Хозяйка замотала головой.
— Разве в том дело, сколько видишься.
Киричук признательно улыбнулся.
— Тут какими глазами посмотреть, дорогая Степанида Ивановна. Бандеровцы обо мне говорят, будто я головорез, хищник, живьем могу съесть.
— Это бандиты-то говорят. Та их перевешать, паразитов, мало, сколько они горя людям принесли. У меня сестра под Бережанкой, двадцать километров отсюда, больная стала от них. Мой сынок утонул, а у нее убили, «ястребком» он был на селе. Кабана забрали, ко мне за деньгами приезжала, велели ей три сотни на ихний займ приготовить. И не говорите о них, нашли на кого ссылаться.
— Я пошутил, конечно.
— Мне, женщине в возрасте, виднее. Да разве только мне? Между прочим, и молодухи на вас с приятным вниманием, сразу интерес проявили. И не шутейно.— о том, о сем, а с основательным прицелом, чего любите и храпите ли ночью.
— Это еще зачем? — перестав есть, выразил недоумение Киричук. Но все же спросил: — А что за молодухи, любопытно? Я еще могу нравиться, значит.
— Не лукавьте, Василий Васильевич, вы сами о себе знаете. «Молодухи» я в общем сказала, ну а бабеночка одна тут, Варварой зовут, вон через два дома ее хата, действительно интересовалась, встретила тут меня и давай пытать. И хоть замужем сама... Да не обращайте внимания.
— Я и не обращаю.
— Или познакомить? Приглянулись вы ей, и все тут.
— Знакомить не надо. Мне это совсем ни к чему.
— Застеснялись, вижу. Ну а какой грех малость внимания уделить соседке. Беды нет, а ей, может, в радость.
Все утро Василию Васильевичу не давали покоя настораживающие слова хозяйки: «Интерес проявили с основательным прицелом». Степанида Ивановна, конечно, имела в виду совсем не то, что он заподозрил: оуновскую разведывательную цель.

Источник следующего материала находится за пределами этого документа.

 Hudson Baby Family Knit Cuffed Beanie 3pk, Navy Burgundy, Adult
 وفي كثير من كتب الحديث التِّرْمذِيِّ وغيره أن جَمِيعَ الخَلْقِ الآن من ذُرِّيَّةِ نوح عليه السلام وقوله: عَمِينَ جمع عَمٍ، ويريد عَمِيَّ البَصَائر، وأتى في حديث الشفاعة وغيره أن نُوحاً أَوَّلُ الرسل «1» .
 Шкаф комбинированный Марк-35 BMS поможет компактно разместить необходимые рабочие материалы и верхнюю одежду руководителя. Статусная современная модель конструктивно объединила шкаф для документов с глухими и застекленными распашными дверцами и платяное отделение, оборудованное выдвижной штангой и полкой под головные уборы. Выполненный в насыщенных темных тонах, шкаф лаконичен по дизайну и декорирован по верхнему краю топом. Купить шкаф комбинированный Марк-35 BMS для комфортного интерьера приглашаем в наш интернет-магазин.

Как уже повелось, придя на работу, Киричук прежде всего направился к майору Веснику. Указывая карандашом на воткнутые в карту черные флажки, обозначавшие зарегистрированное появление банд, Иван Николаевич тихо, но довольно энергично докладывал:
— Все бандитские проявления, Василий Васильевич", а за ночь их было три, произошли, заметьте, на юго-западе области в непосредственной близости от Львовщины, вот здесь — между Гороховом и Берестечком. В селе Сарпиловка, возле Заболотц, опять этот Гном. Он захватил троих «ястребков». Измывался над ними, пока не убил.
Лицо подполковника напряглось, он подошел ближе к карте, как будто захотел получше рассмотреть флажки, Опросил сдержанно:
— Разве Чурин еще не сел на «хвост» этому Гному? Мало людей, пусть еще возьмет. Когда от Анатолия Яковлевича последнее сообщение было?

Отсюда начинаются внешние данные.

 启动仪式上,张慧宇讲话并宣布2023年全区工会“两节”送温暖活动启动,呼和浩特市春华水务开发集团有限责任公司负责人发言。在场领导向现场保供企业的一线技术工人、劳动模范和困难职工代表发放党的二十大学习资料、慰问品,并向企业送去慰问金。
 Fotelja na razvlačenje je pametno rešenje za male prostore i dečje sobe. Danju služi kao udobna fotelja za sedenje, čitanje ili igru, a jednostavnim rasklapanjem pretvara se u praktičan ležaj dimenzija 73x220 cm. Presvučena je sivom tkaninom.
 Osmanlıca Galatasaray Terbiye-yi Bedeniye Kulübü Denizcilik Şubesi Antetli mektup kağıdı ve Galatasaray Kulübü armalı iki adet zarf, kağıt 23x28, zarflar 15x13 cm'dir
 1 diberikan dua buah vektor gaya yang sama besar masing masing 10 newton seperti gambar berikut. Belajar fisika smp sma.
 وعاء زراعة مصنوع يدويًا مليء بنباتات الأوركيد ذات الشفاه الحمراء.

Весник раскрыл журнал телефонограмм.
— В двадцать два часа дежурный по райотделу из Горохова передал.
Киричук прочитал запись: «Отправляюсь обложить край леса за Сарпиловкой, предполагаемую отсидку Гнома. Утром жду ориентировку. Капитан Чурин».
— Ориентировку дали? — спросил.
— Дал и отправил солдат для преследования в двух направлениях. Гном все время стремится в сторону Бубнов и Луковичей, там его не трогали. И оттуда, уверен, он налеты делает.
— Не мало ли людей?
— Надо будет — запросят,— деловито ответил Весник.— Хочу обратить ваше внимание, Василий Васильевич, что в последние дни банды дают о себе знать в отдалении от центральной части области, как будто специально отвлекают наше внимание подальше к Львовщине, к польской границе. Есть данные, что надрайонный проводник Зубр сделал переход по Торчинскому району на встречу с Хмурым. Думаю, свидание у них уже состоялось. Три дня назад в лесу обнаружен труп эсбиста Совы. Убит он излюбленным приемом Зубра — ножом по сонной артерии. Предварительно его жесточайше измордовали. Конечно, бандиты неспроста оставили центральную часть области в полном затишье. Тут тебе и переходы к месту встреч, и разведка, и беседы главарей.
— Надо было вчера поднять весь оперативный состав, «ястребков», активистов на поиск постоев,— порассуждал вслух Киричук.— В такой ситуации легче напасть на краевого проводника. И, прежде всего, мы должны ликвидировать особо зверствующие банды Кушака и Гнома.
— С Угаром сегодня назначена встреча? — спросил Весник.
— Не назначена, а предложена,— поправил Киричук.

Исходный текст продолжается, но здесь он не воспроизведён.